Roger Asselta, Vice President and Senior Technical Advisor commented, “We look forward to continuing our partnership with Whitehouse Laboratories. As experts on the areas of seal testing and capping for vials and closures, we understand the importance these functions of the manufacturing process can play in meeting the strict regulatory compliance issues. Working with Whitehouse Laboratories ensures our mutual clients can have direct laboratory access to residual force testing and capper optimization programs in a quality driven laboratory setting.”

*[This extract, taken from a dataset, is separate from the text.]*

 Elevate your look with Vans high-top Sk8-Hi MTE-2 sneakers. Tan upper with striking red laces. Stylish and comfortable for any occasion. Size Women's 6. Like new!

“The ability to offer comprehensive container integrity testing programs that include the in-line capping and sealing, residual seal force testing, and complete integrity test development and validation is what sets Whitehouse Laboratories apart from other service providers in this area,” states Mark Stier, Chief Operations Officer of Whitehouse Laboratories. “Genesis plays a key role in this process and we appreciate the support they bring, as it directly benefits the clients we serve. They are a much needed and appreciated member of our team.”
Container closure integrity testing is becoming a more critical issue in the FDA regulated environment. The United States Pharmacopeia recently published new general chapter 1207 that outlines the use of new and improved technologies to insure the safety of packaged medicinal products. Having the ability to test and verify container and package integrity is an essential element in the manufacturing and production of drug products.

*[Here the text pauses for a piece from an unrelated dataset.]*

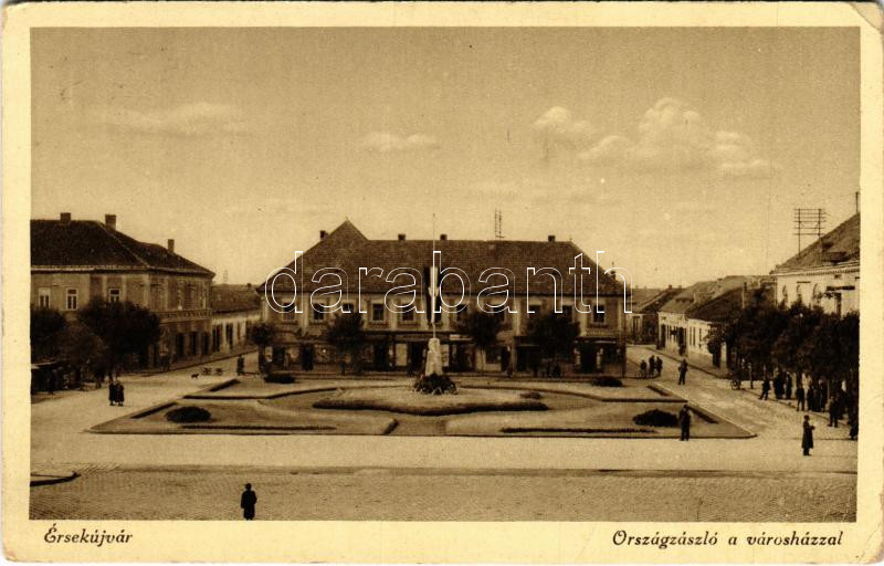 1941 Érsekújvár, Nové Zámky; Országzászló és városháza / town hall, Hu...

About Whitehouse Laboratories
The Testing Partner to Manufacturing Companies, Whitehouse Labs is an FDA regulated, DEA Licensed, ISO 17025 and ISTA certified contract service provider to the pharmaceutical, medical device, personal and consumer product industries. Whitehouse Laboratories offers analytical services for the testing of materials, finished products, container and package systems that enable our clients to meet and exceed the required quality standards established by the key regulatory agencies.
About Genesis Packaging Technologies
Genesis Packaging Technologies is a leader in the science and technology of pharmaceutical vial processing and handling, specifically sealing. Genesis offers global service and technical support to meet industry expectations and assure compliance to regulatory requirements regarding container closure integrity. Genesis also manufacturers instruments to test vial residual seal force. Genesis is the successor company to The West Company, Machinery Systems Division, which it purchased in 1996. The company has manufactured serum vial capping equipment since 1946. During this period, well over 1500 pieces of equipment have been installed worldwide in pharmaceutical, veterinary, diagnostic and biotech facilities. Genesis continues to service and maintain this equipment. All manufacturing, design, engineering, sales, and service is located in our offices in Exton, Pennsylvania USA. Value-added services such as spare parts inventory, comprehensive documentation, a complete design and engineering department, technical support staff, and qualified service technicians enhance our ability to service our worldwide customer base. All equipment engineered and manufactured by Genesis can be fully tested at our facility. A complete process water loop, compressed air chiller and full electrical capacity is available for complete line testing and equipment integration. All equipment can be supplemented with a comprehensive Validation Support Data Package.